USCPA(米国公認会計士)は、日本でも価値が急上昇している資格の1つ。
監査法人で8~10年ほどの勤務でマネージャーになることで、年収1,000万円〜が見えるだけでなく、会計×英語でグローバルにキャリアの幅が広がるのは魅力的だ。
こんな私も、USCPAを取得し、アメリカの監査法人で働く機会を得ることもできた。
しかし、受験を決意した2019年、USCPAはアメリカの試験で主な情報源は英語かつ、ネット上の情報は予備校が提供していることが多く、包括的・中立的な情報収集が難しかった。
この記事では、私がUSCPA受験にあたって集めてきた、USCPAの試験制度から受験資格、受験州の選び方、おすすめの予備校、合格までの最短距離を詰め込んだ。
みなさんがUSCPAについて知り、新たなキャリア構築を目指す一助になれば幸いだ。
この記事の著者:Ryo
初めまして!Ryoです。大学大学中に日本の公認会計士試験に合格し、大手監査法人に勤めた後スタートアップでIPOや投資を経験。その後アメリカにMBA留学し、卒業後に現地の会計事務所に就職したことがキッカケでUSCPAの勉強を開始、アビタスを利用して約半年で全科目に合格しました。

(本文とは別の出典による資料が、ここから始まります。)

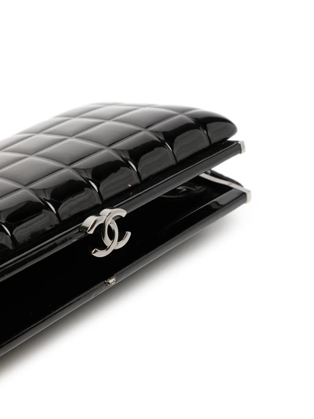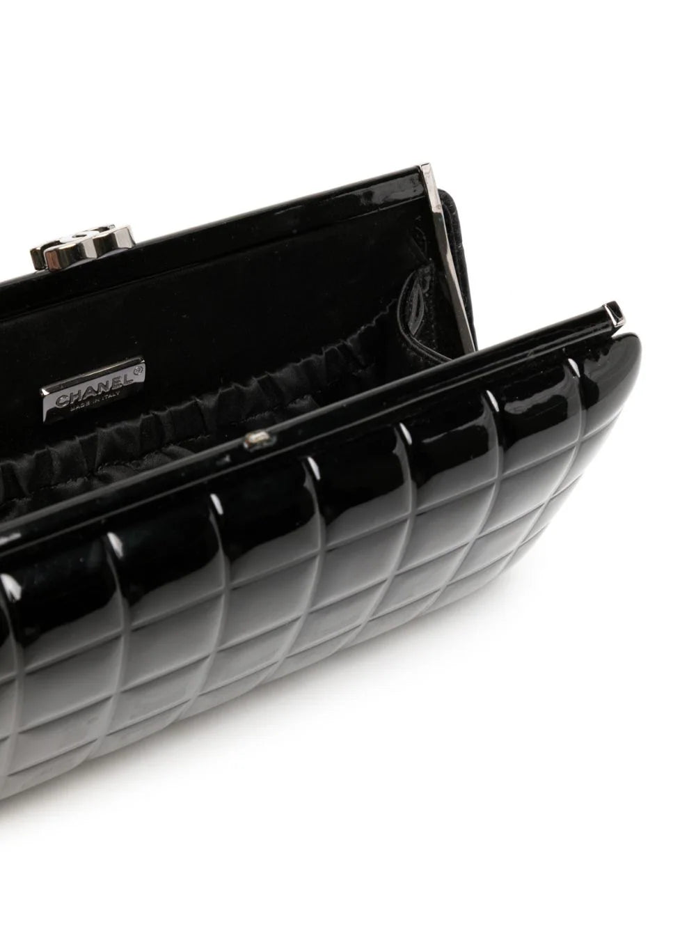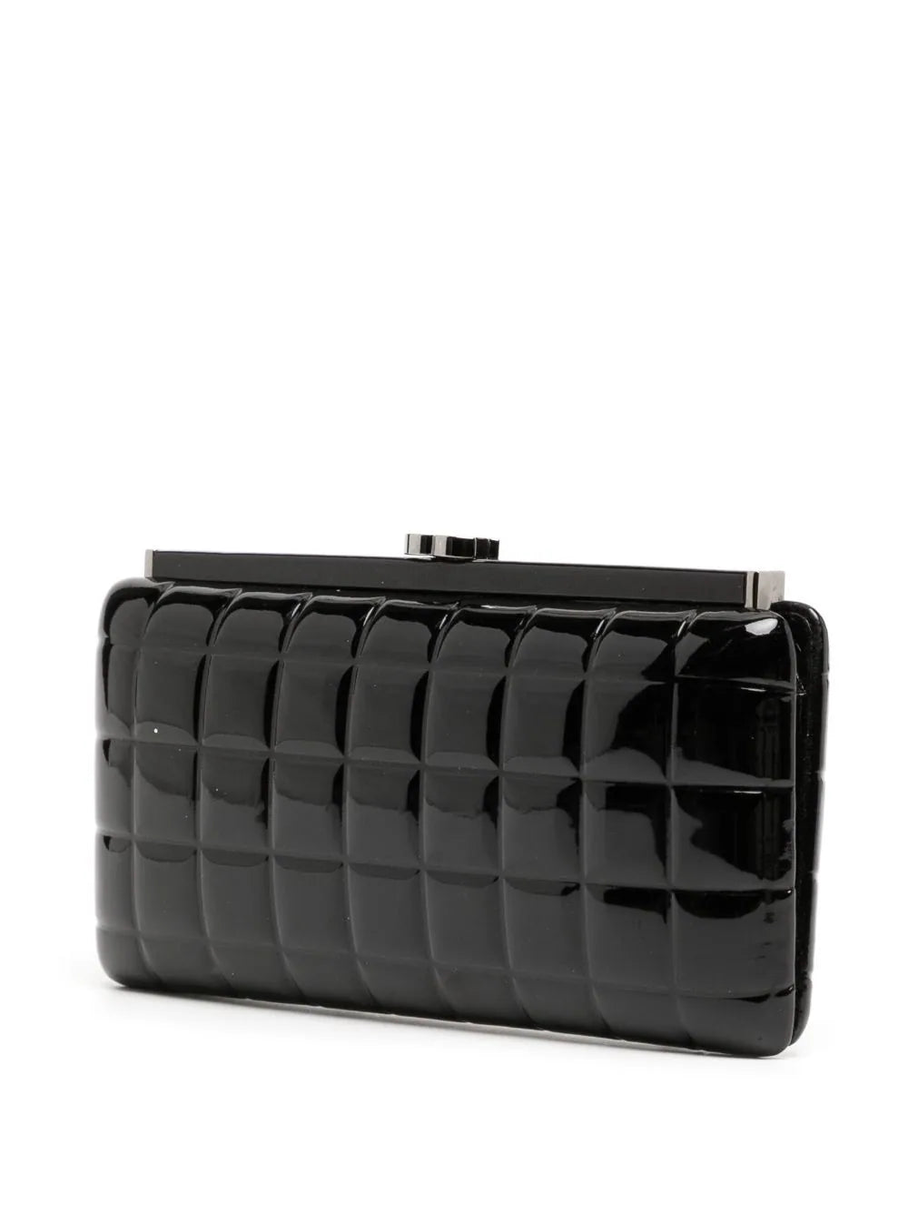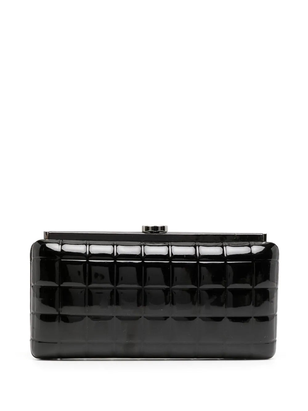 One of CHANEL's most recognizable features, after its iconic interlocking CC logo, is its diamond quilt. The Choco Bar quilt comes in second place and is showcased on this timeless black clutch bag.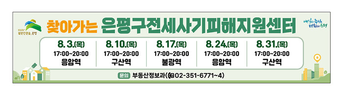 31일 구에 따르면 ‘찾아가는 전세피해지원센터’는 신축빌라 일대와 구청 방문이 힘든 직장인 피해자를 위해 응암역, 불광역, 구산역 일대에서 운영되는 것으로, 전세사기 피해자의 가정 재무상담, 채무조정 신청, 복지와 연계한 맞춤형 서비스를 제공한다.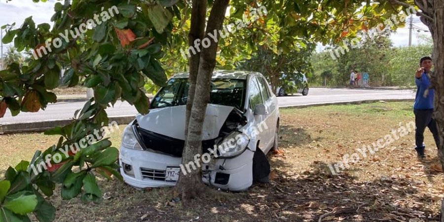 Por esquivar a un menor de edad que se le atravesó en bicicleta, el guiador de un auto Tiida dio un fuerte volantazo sobre la avenida Cronista Deportivo de Ciudad Caucel, y se metió al camellón hasta estrellarse con un árbol de almendra.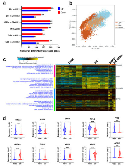 Identification of gene biomarkers enriched in each BC molecular subtype. (a) Bar chart depicting the number of differentially expressed genes (DEGs) in ER+ vs. HER2+, ER+ vs. ER+HER2+, HER2+ vs. ER+HER2+, TNBC vs. ER+, TNBC vs. HER2+, and TNBC vs. ER+HER2+. (b) PCA illustrating the segregation of each BC molecular subtype based on the identified gene markers. (c) Heatmap depicting the enriched gene markers associated with TNBC, ER+, HER2+, and ER+HER2+ employing the MarkerFinder algorithm. The text on the left of each heatmap indicates enriched Go functional categories in each BC subtype and the corresponding enrichment p values. (d) Expression of selected genes enriched in TNBC (upper panel) or ER+ (lower panel) based on RNA–Seq data. **** p < 0.00005.
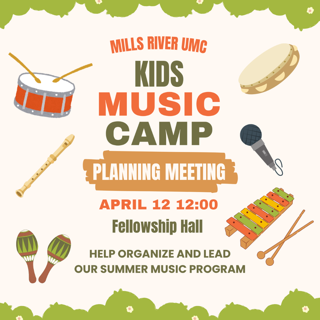 Join us after the 11:00 worship Service on Sunday April 12 as we begin planning for our children's programming this summer, which will be a Music Camp for 3-11 year old’s! This will need to be a team effort, if you're interested in being a group leader, leading music/ craft lessons, or helping in many different ways, we'd love to hear your voice on April 12th as we begin planning! Please reach out to kelley@millsriverumc.org if you have any questions.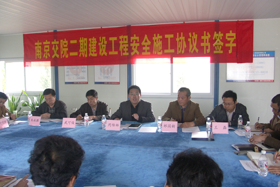 近期,為進一步加強校園二期工程“圖文信息樓、行政辦公樓、H和I學生公寓”的安全施工,學院分別與南京第一建筑工程集團有限公司、江蘇潤揚集團有限公司、南京永騰建筑工程有限公司三家工程承建單位簽訂了《安全施工協(xié)議書》。協(xié)議重點強調(diào)了校園交通安全,對施工車輛的行駛線路、施工人員的作業(yè)、活動區(qū)域等都作了嚴格規(guī)范。

USCPAや英語学習に役立つYouTubeチャンネル始めました!!チャンネル登録よろしくお願いします!
USCPA(米国公認会計士)試験の概要
試験科目の概要
USCPA試験は4つの科目(うち1科目は選択科目)からなり、各科目は4時間、計16時間のテスト。大まかなセクション別の試験概要・出題比率は以下の通り。
必須科目
FARでは、日商簿記でいう商業簿記の範囲が出題。計算の難易度は簿記2級程度だが、簿記や日本の会計士試験では問われない公会計の比重も20%と高くなる。多くの日本人はFARを最初の科目として受験をすることになるだろう。
AUDは、監査をする上で必須の手続きやルールなどを学ぶ科目。日本の公認会計士と比べ、仕事で使うことを意識した実務的な問題が多い印象だ。暗記よりも理解が重要視され、コツを掴めば得意科目にすることができるはず。
REGでは、税法がメインの他、ビジネス法を学習。日本でも馴染みのないアメリカの所得税や法人税の計算や理論が出題される。試験での文章量が一番多く、高い英語リーディング力が必要だ。日本人は最後の科目として受験することが多い。
選択科目
2024年に制度変更され、もともと必須科目4科目だったUSCPA試験は、1科目が選択式となった。
選択科目では、以下の3科目から1つを選んで受験をすることになる。多くの日本の予備校は、管理会計がメインで対策のしやすいBARを推奨をしている。
- BAR(ビジネス分析と報告)
- ISC(情報システムとコントロール)
- TCP(税務コンプライアンスとプランニング)
後に記述するが、USCPA受験では出願州を選択する必要があるが、受験場所は出願州とは関係なく、日本でも受験することができる。どこで受けても試験内容は同じの統一試験だ。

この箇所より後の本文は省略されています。